Greenpeace bekritiseert de beslissing van de Europese Commissie om de Franse en Duitse houthandelsfederaties een formele rol toe te kennen in het toezicht op de naleving van de EUTR, de Europese wetgeving tegen illegale houthandel.
"Houthandelsfederaties vragen om bedrijven voor te schrijven hoe ze de illegale houthandel moeten aanpakken, is als de alcoholindustrie verantwoordelijk maken voor ontwenningsprogramma's. Er is een reëel risico dat de beslissing de effectiviteit van wetten om illegale houtkap tegen te gaan, ondermijnt", zo beargumenteert Greenpeace.
De handelsfederaties werden erkend als toezichthoudende organisaties onder de EU Houtverordening. Ze worden verwacht een stelsel van zorgvuldigheidseisen te ontwikkelen om te voorkomen dat marktdeelnemers illegaal hout op de markt brengen, het gebruik van dat stelsel te verifiëren en de autoriteiten in te lichten als de marktdeelnemers de wet overtreden.
In het kader van de EU Houtverordening moet een toezichthoudende organisatie verzekeren dat er geen belangenconflict is bij het uitoefenen van haar functie en bewijzen dat ze maatregelen neemt om de objectiviteit en onpartijdigheid van haar activiteiten te waarborgen.

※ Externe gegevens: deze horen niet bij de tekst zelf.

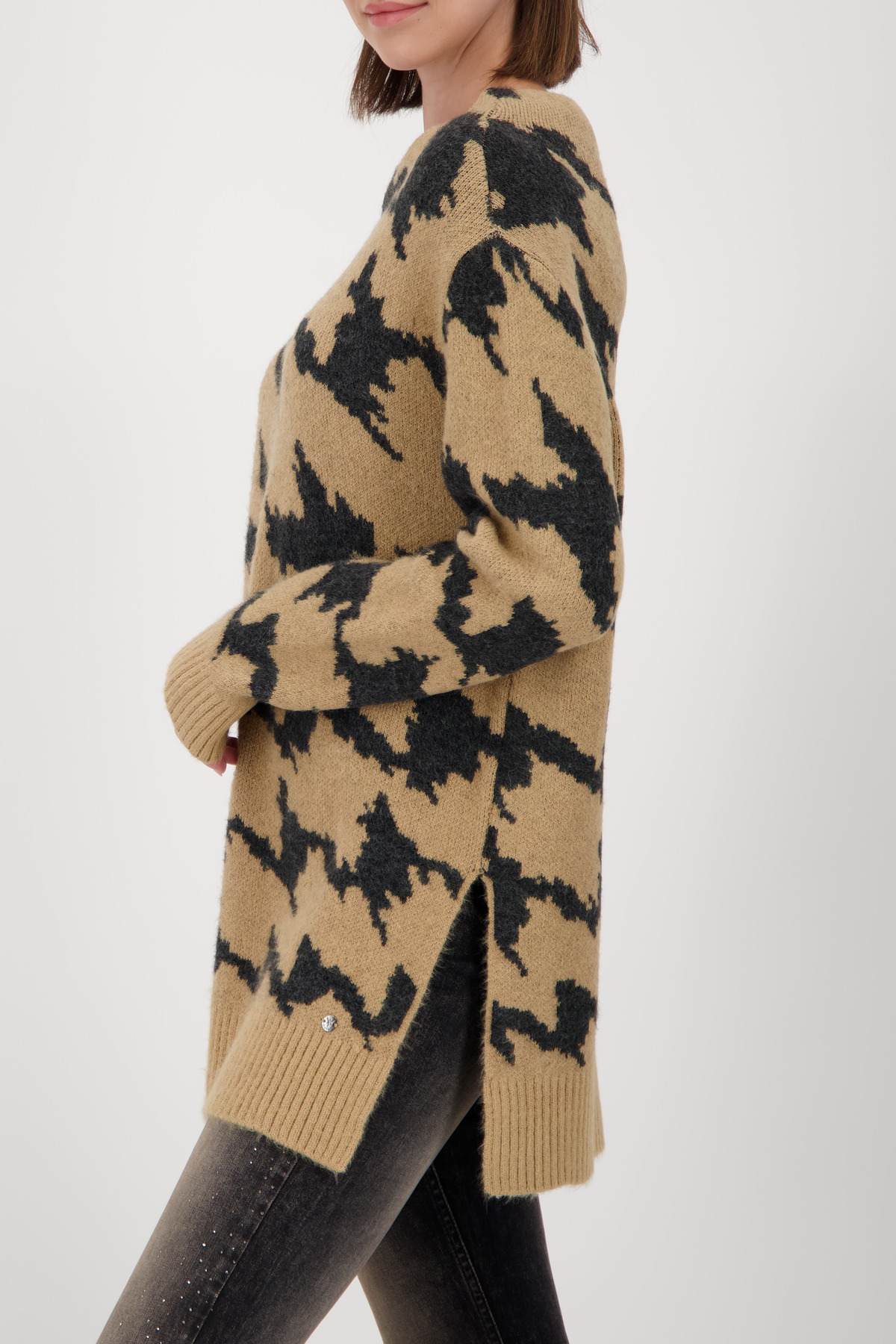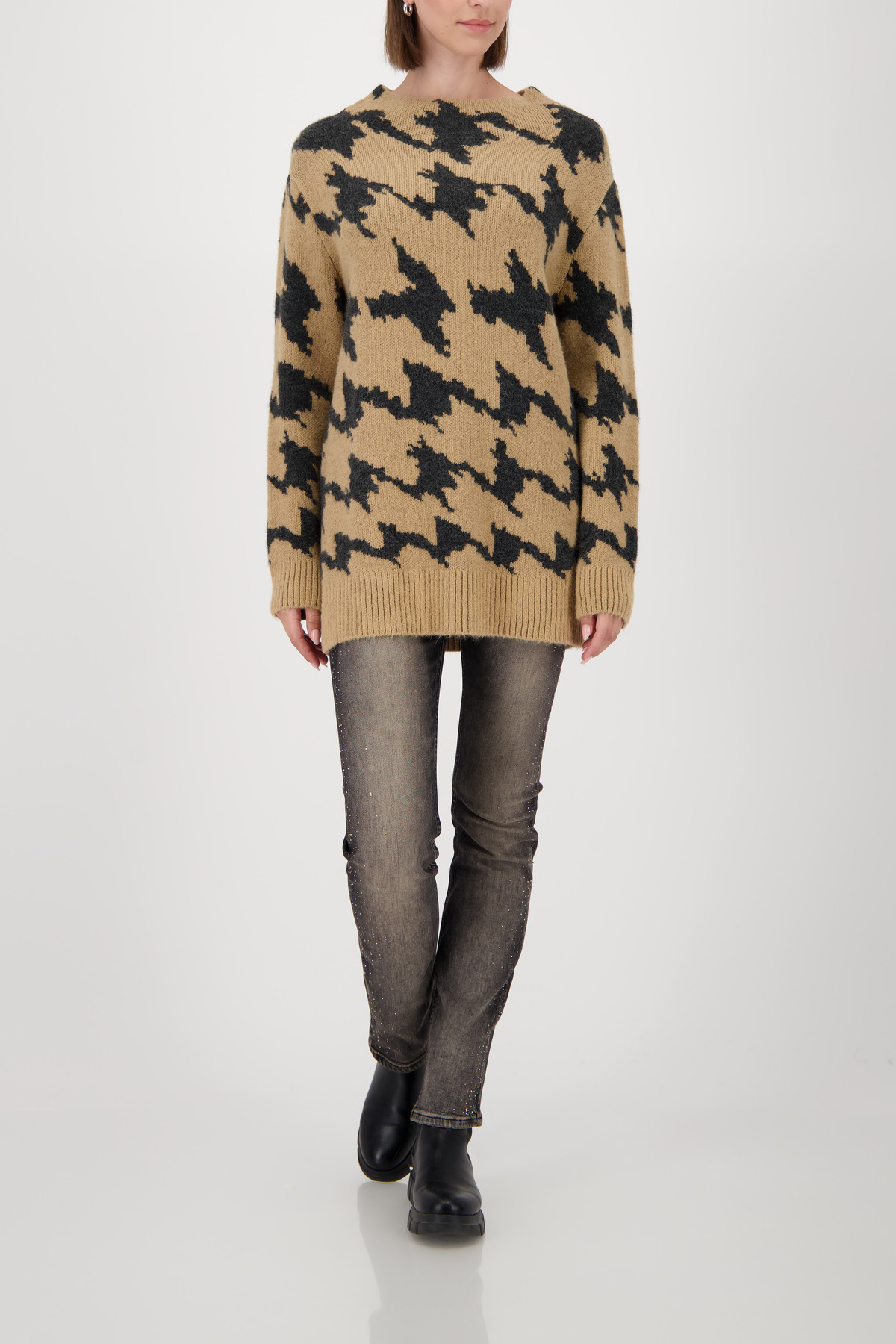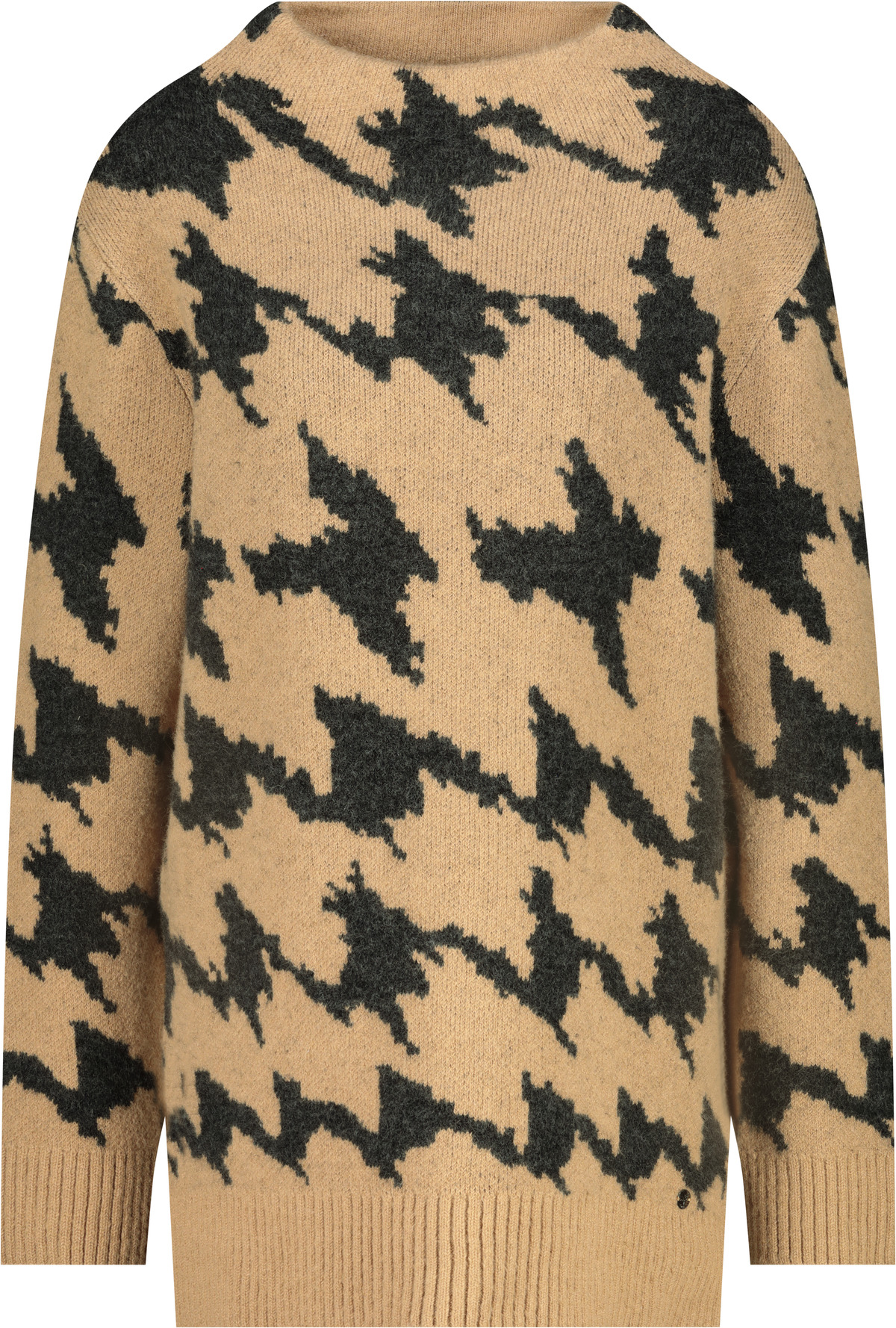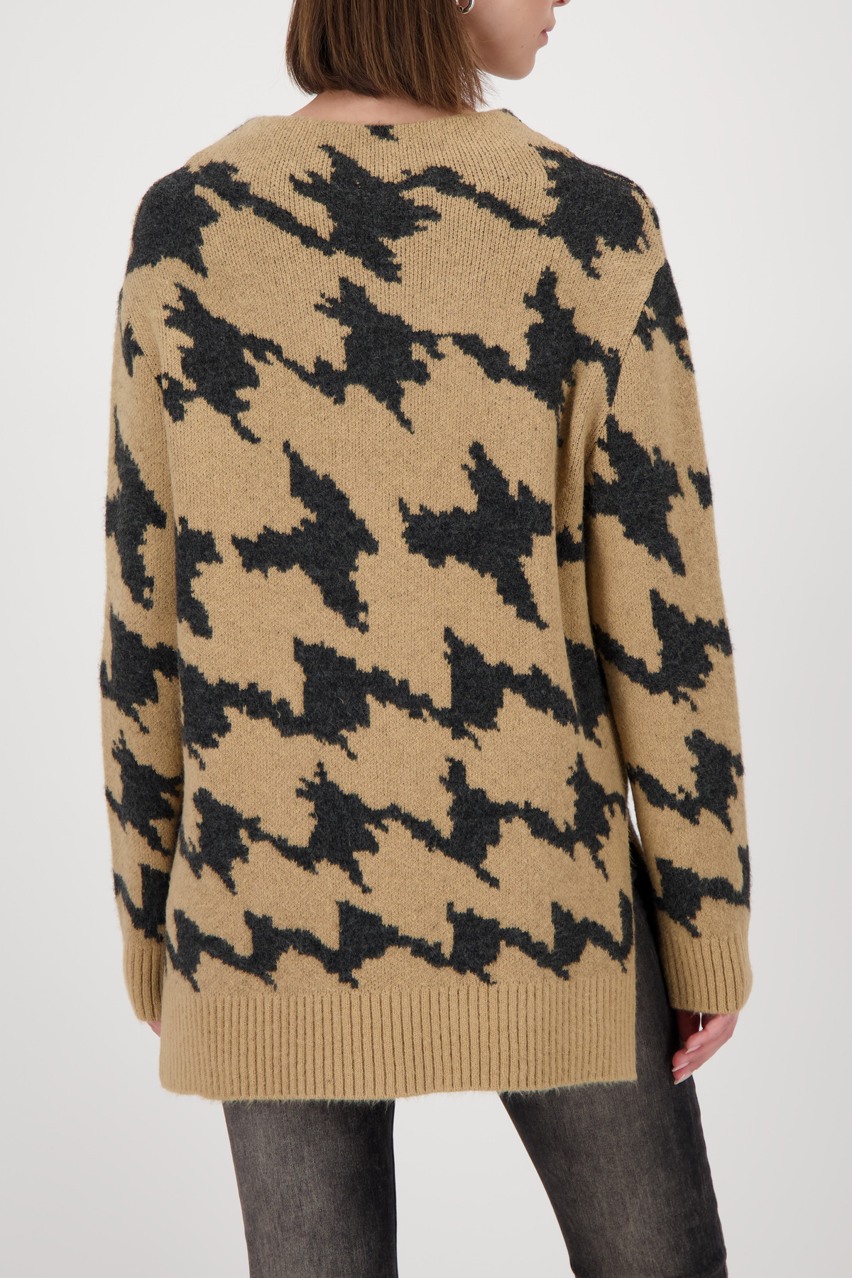 Tento štýlový pletený sveter vyrobený z vysoko kvalitnej vlnenej zmesi kombinuje mäkký pocit a splývavú viskózu v modernom vzore pepita.

Greenpeace vraagt de Europese Commissie en de handelsfederaties om uit te leggen hoe ze verzekeren dat deze vereisten nageleefd worden.
De Europese Houtverordening, die in werking trad op 3 maart 2013, is erop gericht illegale houtkap te bestrijden en te voorkomen dat illegaal hout op de EU-markt wordt gebracht. De wet verbiedt illegaal gekapt hout en afgeleide producten op de EU-markt en verplicht marktdeelnemers om een stelsel van zorgvuldigheidseisen te onderhouden om hun toevoerketens te zuiveren.